Some biologists model the number of species S in a fixed area A (such as an island) by the species-area relationship
log S = log c + k log A
where c and k are positive constants that depend on the type of species and habitat.
(a) Solve the equation for S.
S =
(b) Using part (a), if k = 2 and the area is doubled, then by what magnitude is the number of species increased?
If a= bc then log a=logb +logc
if z=c^m
log z=mlogc
a) S=cA^k
b) A=2Ao K=2
S=c(2Ao)^2=c*2^2*Ao^2
S=4cAo^2
therefor the # of species increased by 4.
(a) To solve the equation for S, we need to get rid of the logarithms. By applying the rules of logarithms, we can rewrite the equation as:
log S = log c + k log A
Using the rule that log a + log b = log (a * b), we can rewrite the equation as:
log S = log (c * A^k)
Now, by applying the rule that log a = b is equivalent to a = 10^b, we can solve for S:
S = 10^(log (c * A^k))
Simplifying further:
S = c * A^k
So, S = c * A^k.
(b) If k = 2 and the area is doubled, then the equation becomes:
S = c * (2A)^2
Expanding the equation:
S = c * 4A^2
Comparing this with the original equation S = c * A^k, we can see that the number of species is increased by a magnitude of 4.

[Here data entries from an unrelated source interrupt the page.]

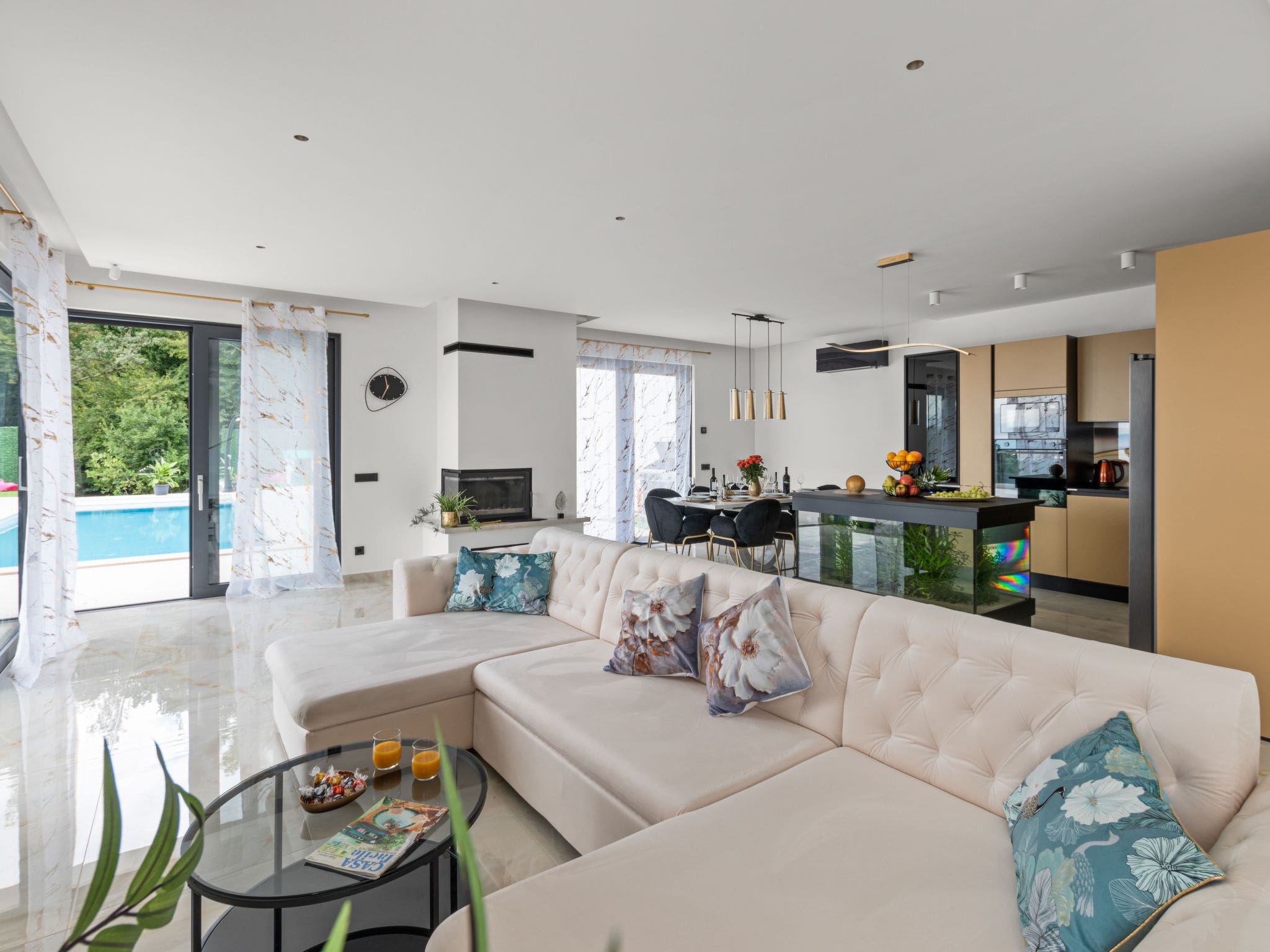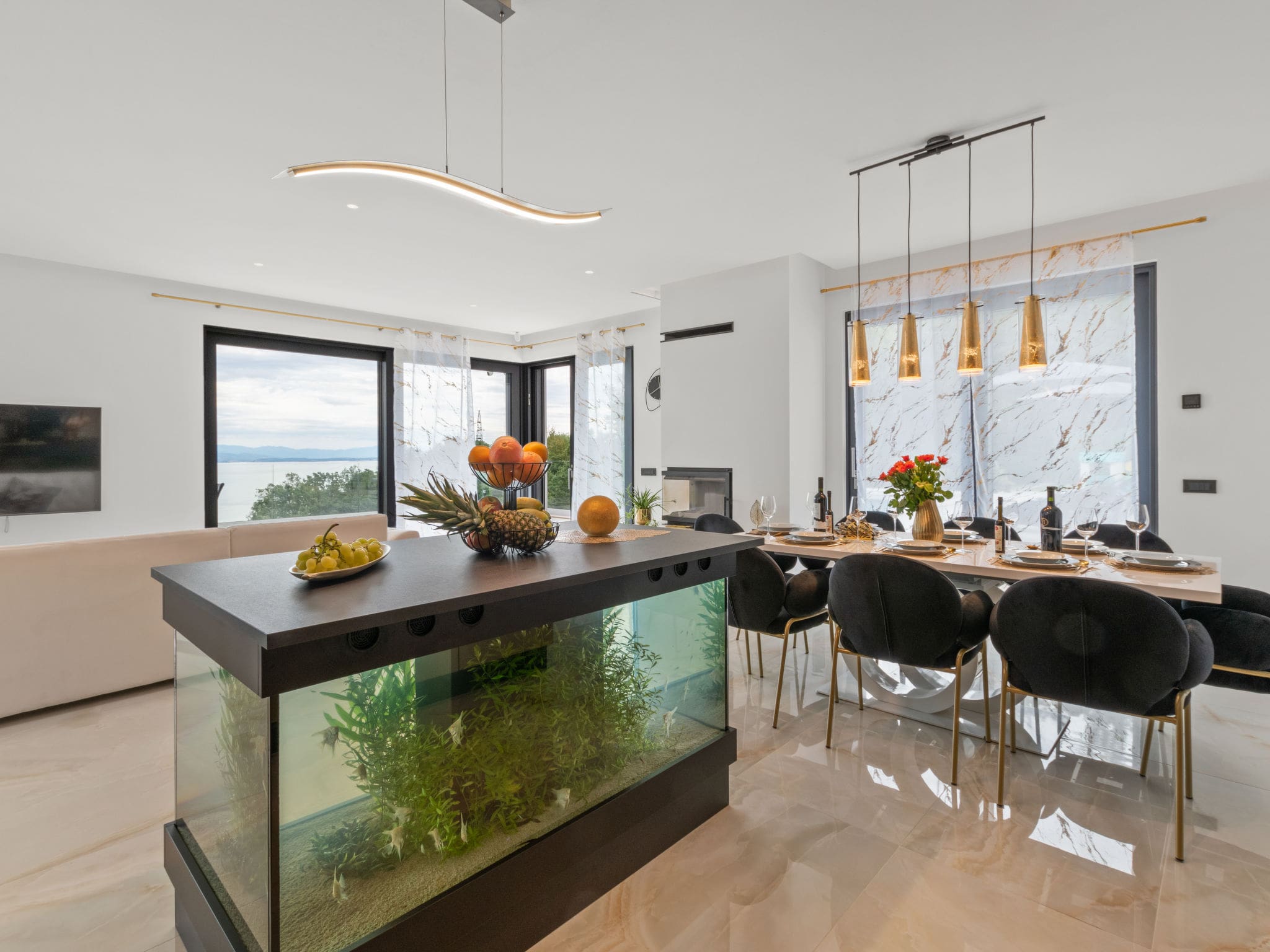 The property’s interior design showcases clean lines and premium finishes throughout both levels. The ground floor features an impressive open-plan living and dining area spanning 70 square metres, dominated by panoramic windows that frame spectacular Adriatic views. The space flows seamlessly from the comfortable seating area, complete with decorative fireplace and satellite television, to the fully equipped modern kitchen featuring induction cooking, dishwasher, and premium appliances including an electric coffee machine for morning rituals.
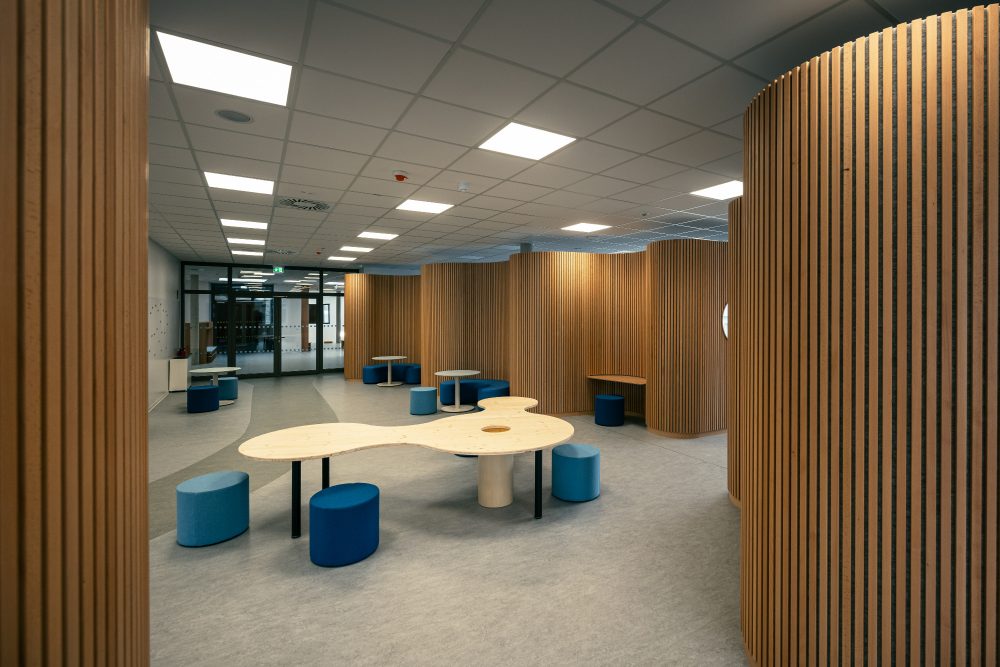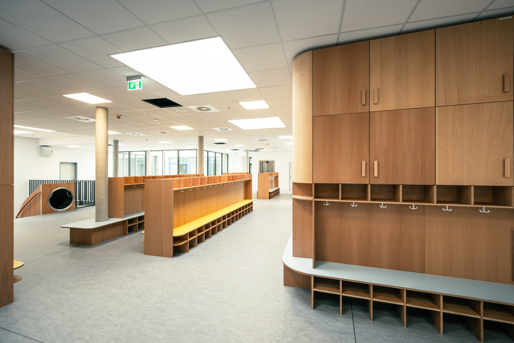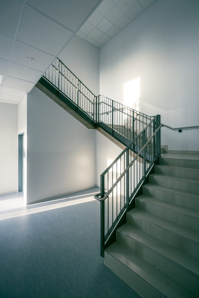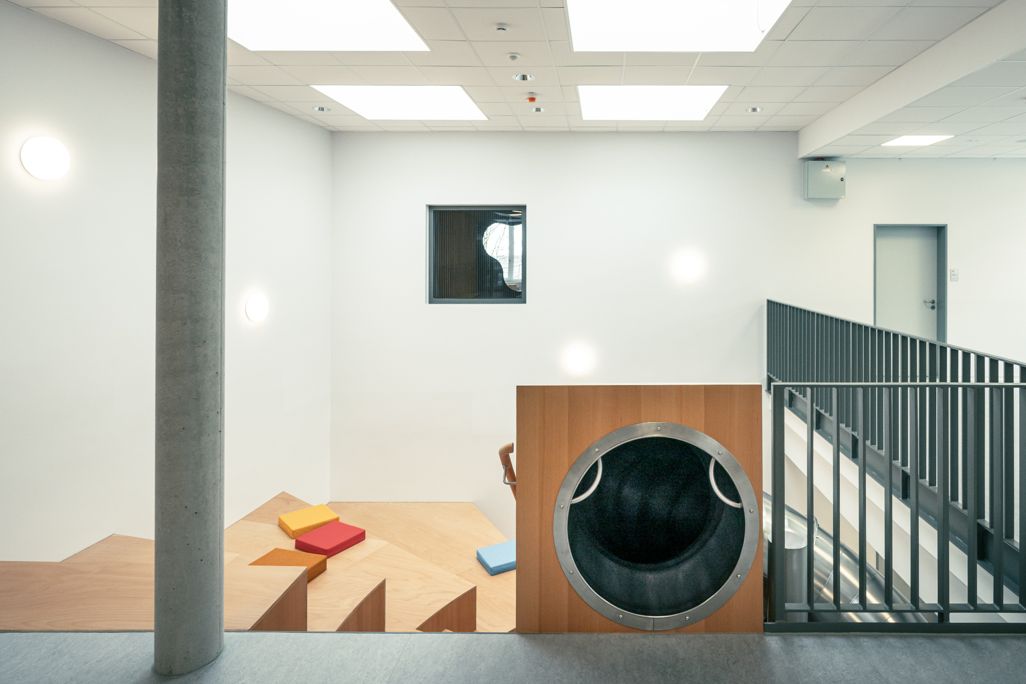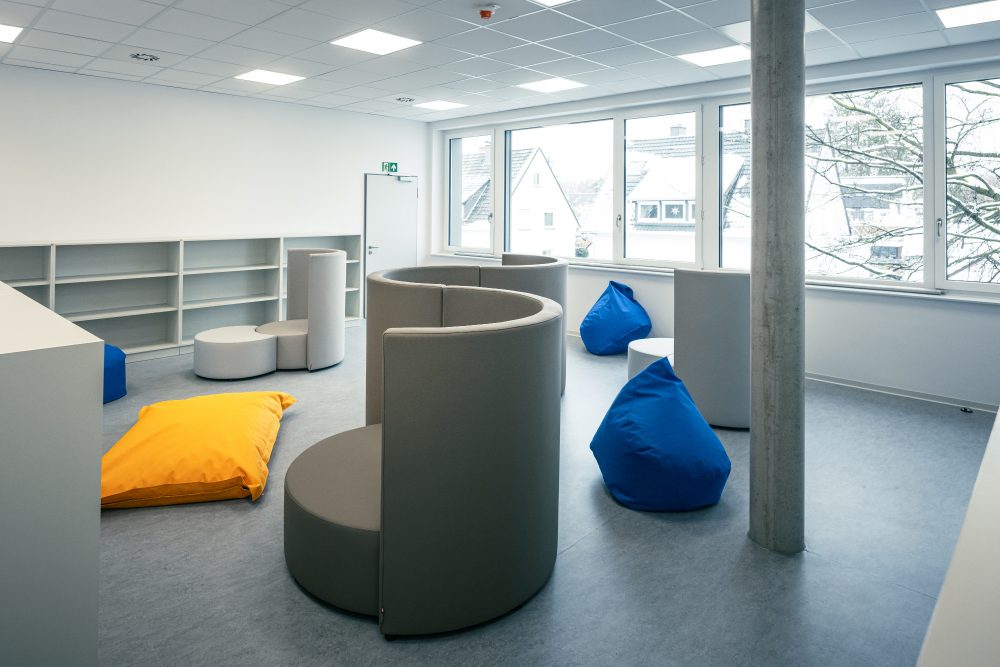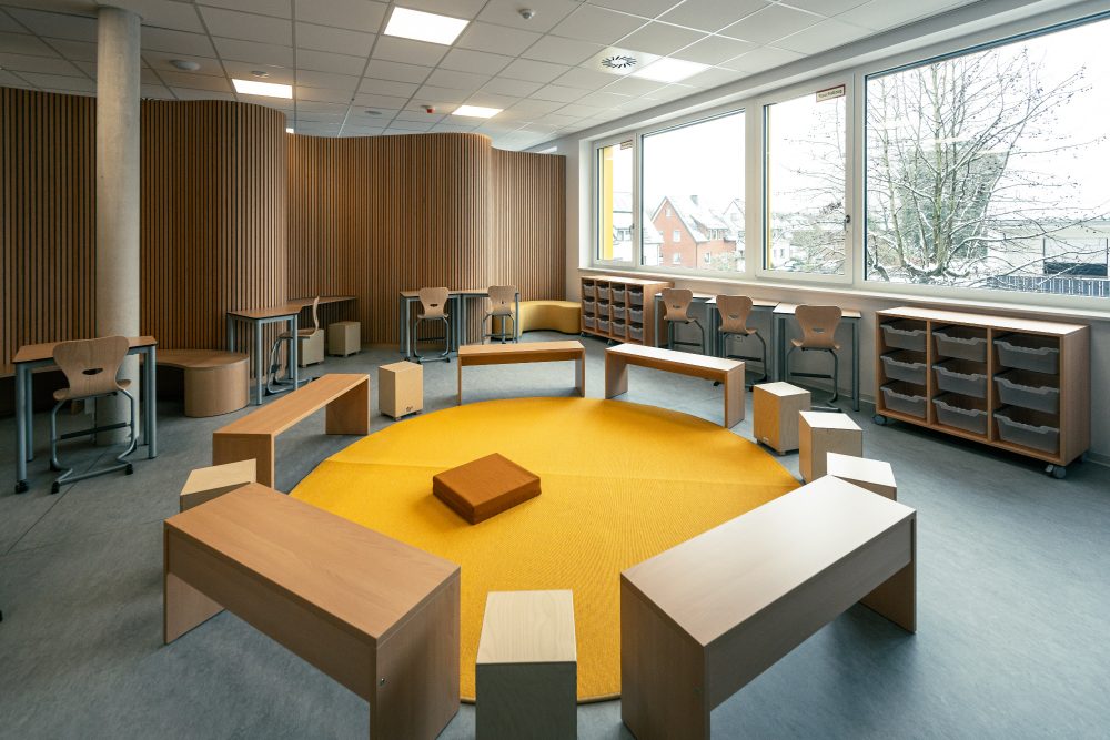 Im Neubau sind großzügige und offene Räumlichkeiten für 4 Bildungshäuser für ein zukunftsweisendes, neues Lernkonzept entstanden, welche sowohl horizontal als auch vertikal durch ein mittiges Foyer mit großer Sitz-Stufenanlage und Rutsche miteinander verbunden sind. Die Montagsstiftung begleitete das Projekt, in welchem die sechs Raumgestaltungsprinzipien nach Rosan Bosch realisiert wurden. Jedem Bildungshaus ist eine bestimmte Farbfamilie zugeordnet. Im zentralen Foyer als Treffpunkt ergibt sich dann ein buntes Farbspiel.
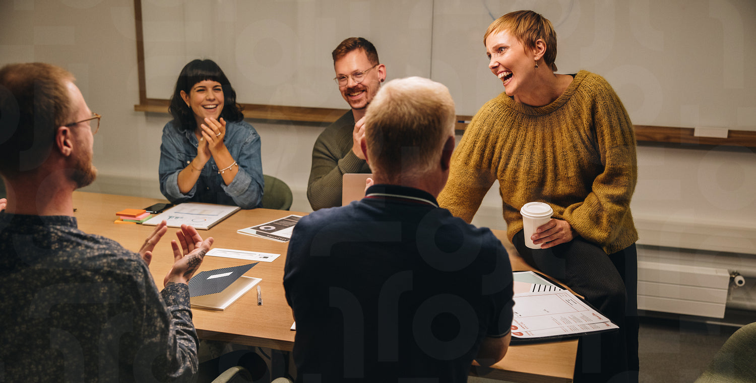 Business team smiling during meeting in office. Businesswoman sharing good news in meeting and colleagues clapping hands.
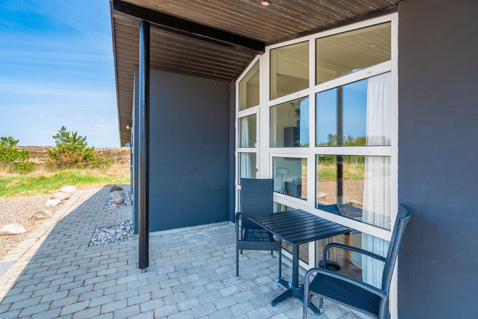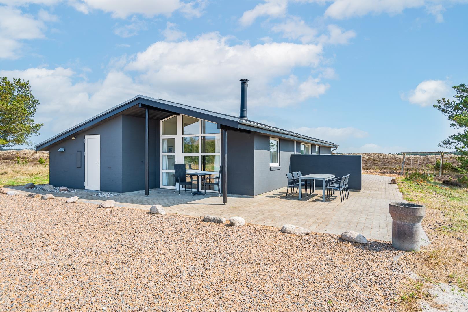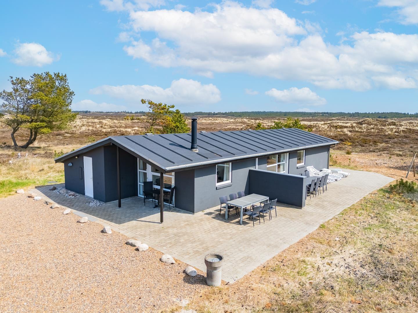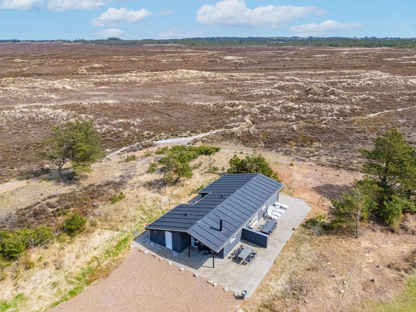 Feriehuset er indrettet med en stor, lys stue med komfortable møbler, et veludstyret køkken med direkte udgang til en skøn terrasse med udsigt over heden, samt en værelsesafdeling tæt på det lille badeværelse. Derudover byder huset på et stort badeværelse med sauna og en rummelig spa – perfekt til afslapning efter en dag i den friske luft.

(a) To solve the equation for S, we can start by isolating the term "log S" on one side and the other terms on the other side:
log S = log c + k log A
Next, we can rewrite the equation in exponential form to eliminate the logarithms:
S = 10^(log c + k log A)
Using the logarithmic identity log(ab) = log a + log b, we can simplify further:
S = 10^log c * 10^(k log A)
Applying the exponentiation property 10^(k log A) = (10^log A)^k = A^k, we get:
S = c * A^k
Therefore, the equation for S is:
S = c * A^k
(b) Given that k = 2 and the area is doubled, we can substitute these values into the equation from part (a):
S = c * (2A)^2
Simplifying, we have:
S = 4c * A^2
Comparing this equation to the equation in part (a), we see that the number of species S has increased by a factor of 4 (or increased by a magnitude of 4).